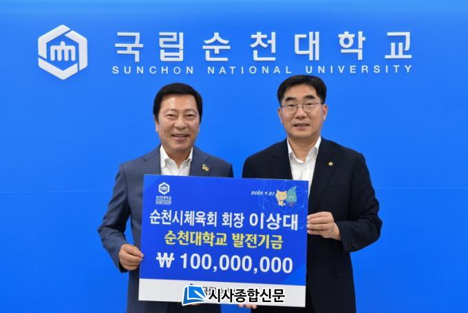 ¼øÃµ½ÃüÀ°È¸ ÀÌ»ó´ë ȸÀåÀº ¾Õ¼ Áö³ 2019³â ´ëÇйßÀü±â±Ý 1¾ï¿ø ±âŹÀ» ¾à¼ÓÇß¾ú´Ù. ÀÌÈÄ 5³â°£ ²ÙÁØÇÏ°Ô ¾à¼ÓÀ» ÁöÄÑ¿ÔÀ¸¸ç, À̹ø ÀÌõ¸¸¿øÀ» ±âŹÇÏ¿© ÃÑ 1¾ï¿øÀÇ ´ëÇйßÀüÀÚ±Ý ±âŹÀ» ÇÏ¿´´Ù.
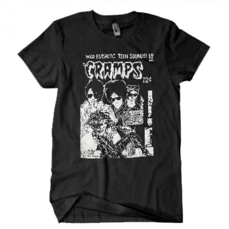 An official licensed Cotton Tee featuring the Cramps 'Psychotic Teen' design motif. This high quality garment is available in a black colourway. Size options include Small through XX-Large.
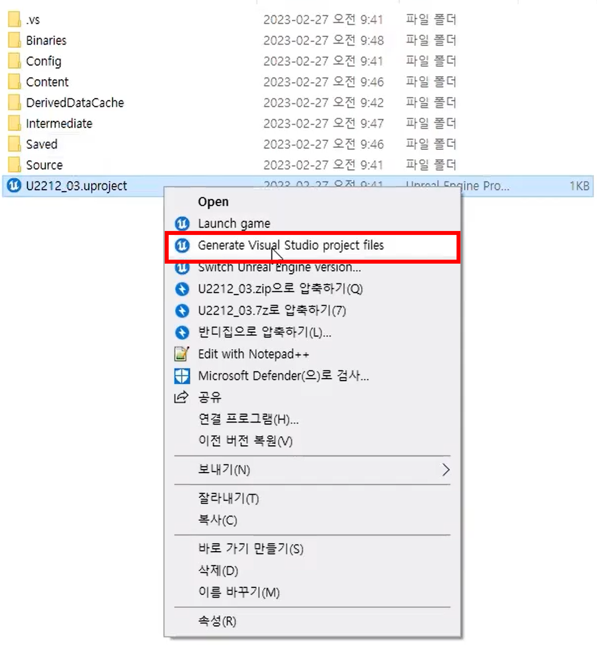 - 언리얼 실행파일 - 마우스 우클릭 - Generate Visual Studio project files 클릭
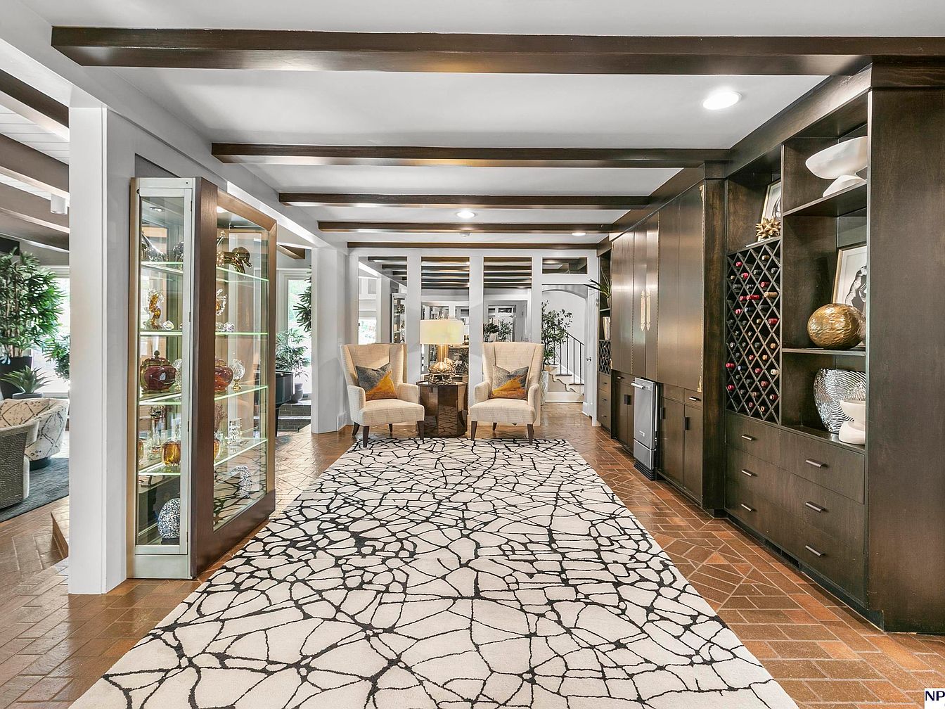 A welcoming foyer showcases a stylish layout with a notable area rug featuring an abstract black-and-cream pattern, enhancing the space’s modern aesthetic. To the right, a large display cabinet holds elegant glassware and decorative items, while a wooden wine rack adds a touch of sophistication. Two upholstered armchairs in soft cream flank a small coffee table, accented with a decorative pillow that adds warmth. Dark wooden beams line the ceiling, contrasting against the light walls, creating a cozy yet open atmosphere. The rich brown tile floor pairs harmoniously with greenery visible through large windows, infusing the space with life.

### WORK REQUIRED
Repeat, exactly and only, the lines from the one containing "- 언리얼 실행파일 - 마우스" through the final line of the data, both ends included, leaving out any picture.

### RESULT BELOW
 - 언리얼 실행파일 - 마우스 우클릭 - Generate Visual Studio project files 클릭
 A welcoming foyer showcases a stylish layout with a notable area rug featuring an abstract black-and-cream pattern, enhancing the space’s modern aesthetic. To the right, a large display cabinet holds elegant glassware and decorative items, while a wooden wine rack adds a touch of sophistication. Two upholstered armchairs in soft cream flank a small coffee table, accented with a decorative pillow that adds warmth. Dark wooden beams line the ceiling, contrasting against the light walls, creating a cozy yet open atmosphere. The rich brown tile floor pairs harmoniously with greenery visible through large windows, infusing the space with life.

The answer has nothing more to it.